> Work to complete: In the copy, include every entry exactly but none of the images.
[Data to use Boundary: Start]
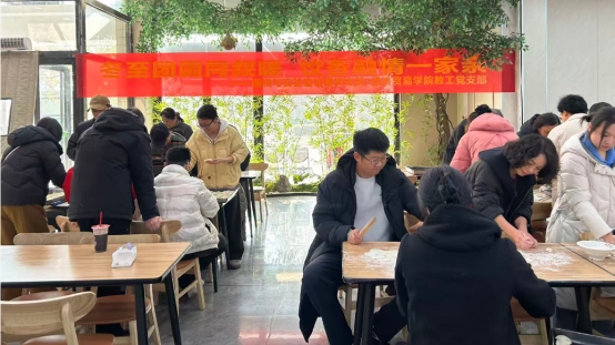 冬至阳生春又来,支部共建暖意浓。为弘扬中华优秀传统文化,增进支部间交流互动,营造团结和谐、积极向上的工作氛围,12月18日中午,国资与实验室管理党支部与经济贸易学院教工党支部在南校区龙源餐厅一楼联合举办了“冬至团圆同叙情,饺香融情一家亲”主题党日活动。两个支部的党员及部分群众代表齐聚一堂,在欢声笑语中共迎传统节气,感受集体温暖。
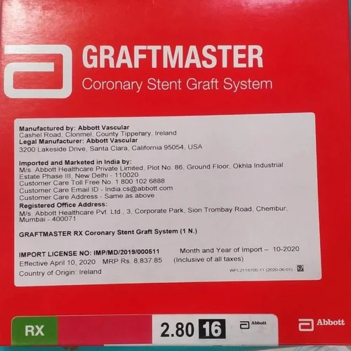 The GRAFTMASTER™ RX Coronary Stent Graft System is indicated for use in the treatment of free perforations, defined as free contrast extravasation into the pericardium, in native coronary vessels or saphenous vein bypass grafts ≥ 2.75 mm in diameter. The effectiveness of this device for this use has not been demonstrated. Long-term outcome for this permanent implant is unknown at present.
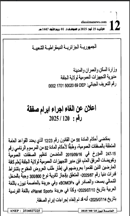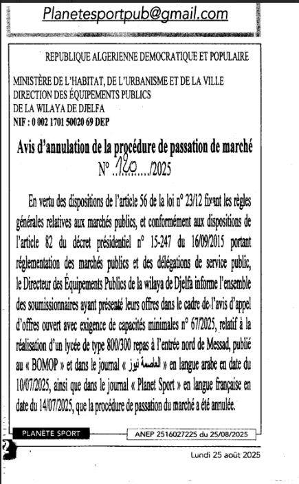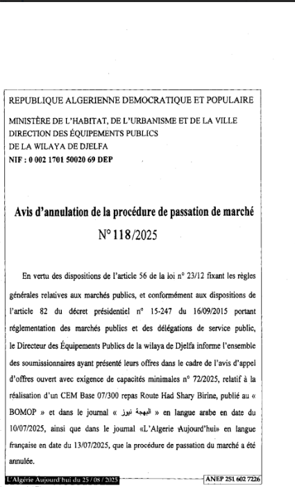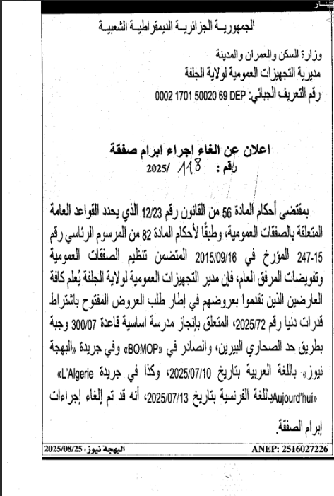 اعلان عن الغاء اجراءات صفقة المتعلقة بانجاز مدرسة اساسية 07/300رقم 118/-25 طريق حد الصحاري البيرين و 120-25 ثانوية نمط 800/300 بالمدخل الشمالي مسعد صاحب المشروع مديرية التجهيزات العمومية.
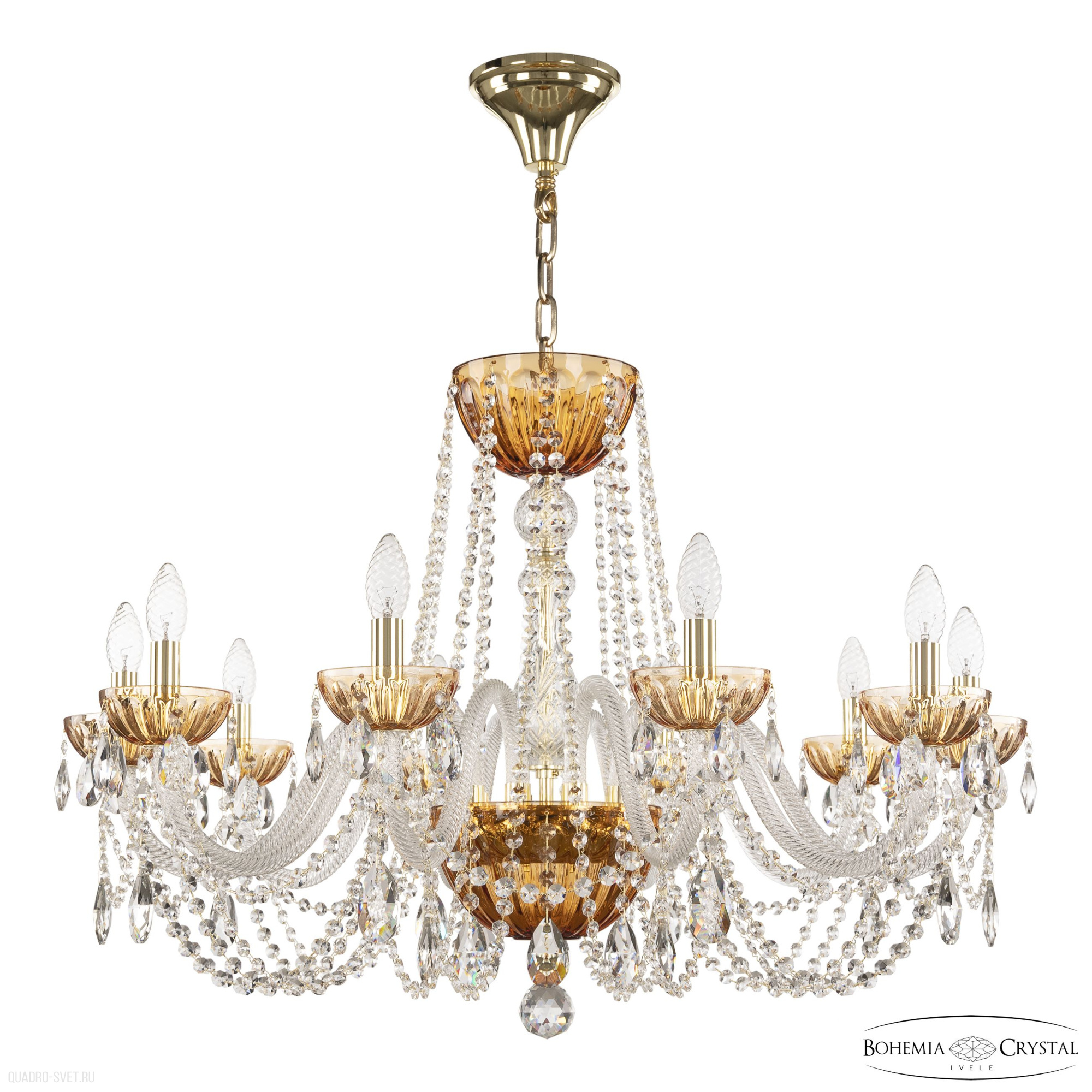 Большая хрустальная люстра Bohemia IVELE Crystal 5402/10/300 G Amber/M-1H
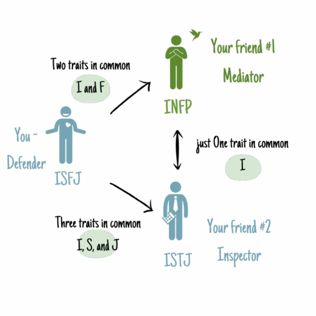 Each personality type can be represented by the combination of 4 different “core” traits. It’s very good to have at least 2 traits in common – then you have enough things in common to get on well, but enough differences between each other to sustain a healthy balance. So then, when you’re a Defender (ISFJ), for example, and your two best friends are an Inspector (ISTJ) and a Mediator (INFP), then as you can see, you share 3 traits with an Inspector – you’re both Introverts (I), you focus on facts (S) and you are organised (J). With a Mediator, you share 2 traits – you’re both Introverts (I) and you prefer following your feelings (F) to following your sense. That’s why you get on fine with each of your pals.
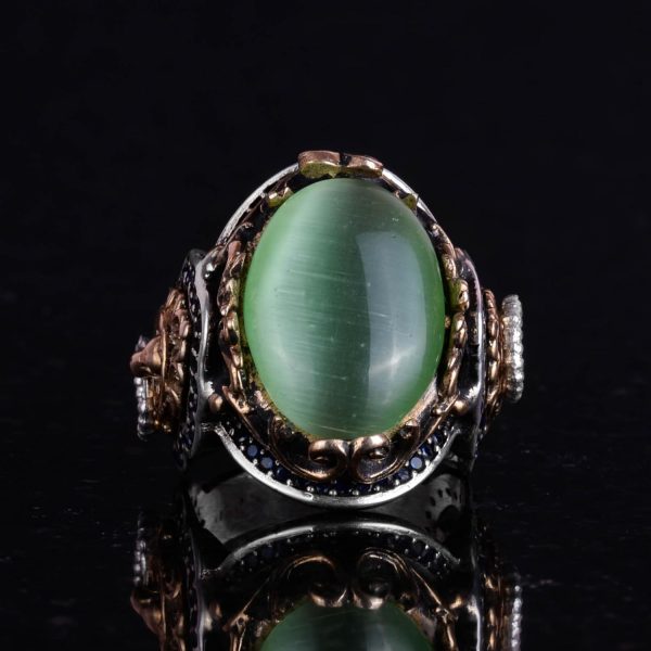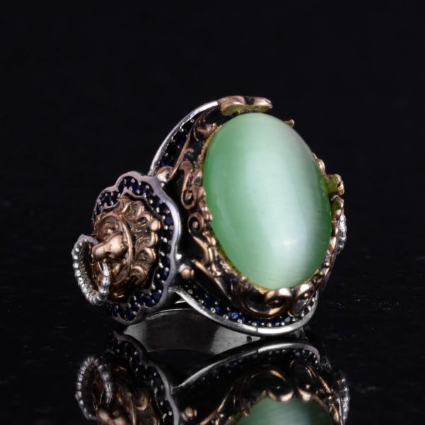 925 Ayar Gümüş Erkek Yüzük – Açık Yeşil Kedi Gözünden Üretilmiş Taş – Aslan Sembolü El Yapımı Yüzük
[Data to use Boundary: End]
> Response:
 冬至阳生春又来,支部共建暖意浓。为弘扬中华优秀传统文化,增进支部间交流互动,营造团结和谐、积极向上的工作氛围,12月18日中午,国资与实验室管理党支部与经济贸易学院教工党支部在南校区龙源餐厅一楼联合举办了“冬至团圆同叙情,饺香融情一家亲”主题党日活动。两个支部的党员及部分群众代表齐聚一堂,在欢声笑语中共迎传统节气,感受集体温暖。
 The GRAFTMASTER™ RX Coronary Stent Graft System is indicated for use in the treatment of free perforations, defined as free contrast extravasation into the pericardium, in native coronary vessels or saphenous vein bypass grafts ≥ 2.75 mm in diameter. The effectiveness of this device for this use has not been demonstrated. Long-term outcome for this permanent implant is unknown at present.
 اعلان عن الغاء اجراءات صفقة المتعلقة بانجاز مدرسة اساسية 07/300رقم 118/-25 طريق حد الصحاري البيرين و 120-25 ثانوية نمط 800/300 بالمدخل الشمالي مسعد صاحب المشروع مديرية التجهيزات العمومية.
 Большая хрустальная люстра Bohemia IVELE Crystal 5402/10/300 G Amber/M-1H
 Each personality type can be represented by the combination of 4 different “core” traits. It’s very good to have at least 2 traits in common – then you have enough things in common to get on well, but enough differences between each other to sustain a healthy balance. So then, when you’re a Defender (ISFJ), for example, and your two best friends are an Inspector (ISTJ) and a Mediator (INFP), then as you can see, you share 3 traits with an Inspector – you’re both Introverts (I), you focus on facts (S) and you are organised (J). With a Mediator, you share 2 traits – you’re both Introverts (I) and you prefer following your feelings (F) to following your sense. That’s why you get on fine with each of your pals.
 925 Ayar Gümüş Erkek Yüzük – Açık Yeşil Kedi Gözünden Üretilmiş Taş – Aslan Sembolü El Yapımı Yüzük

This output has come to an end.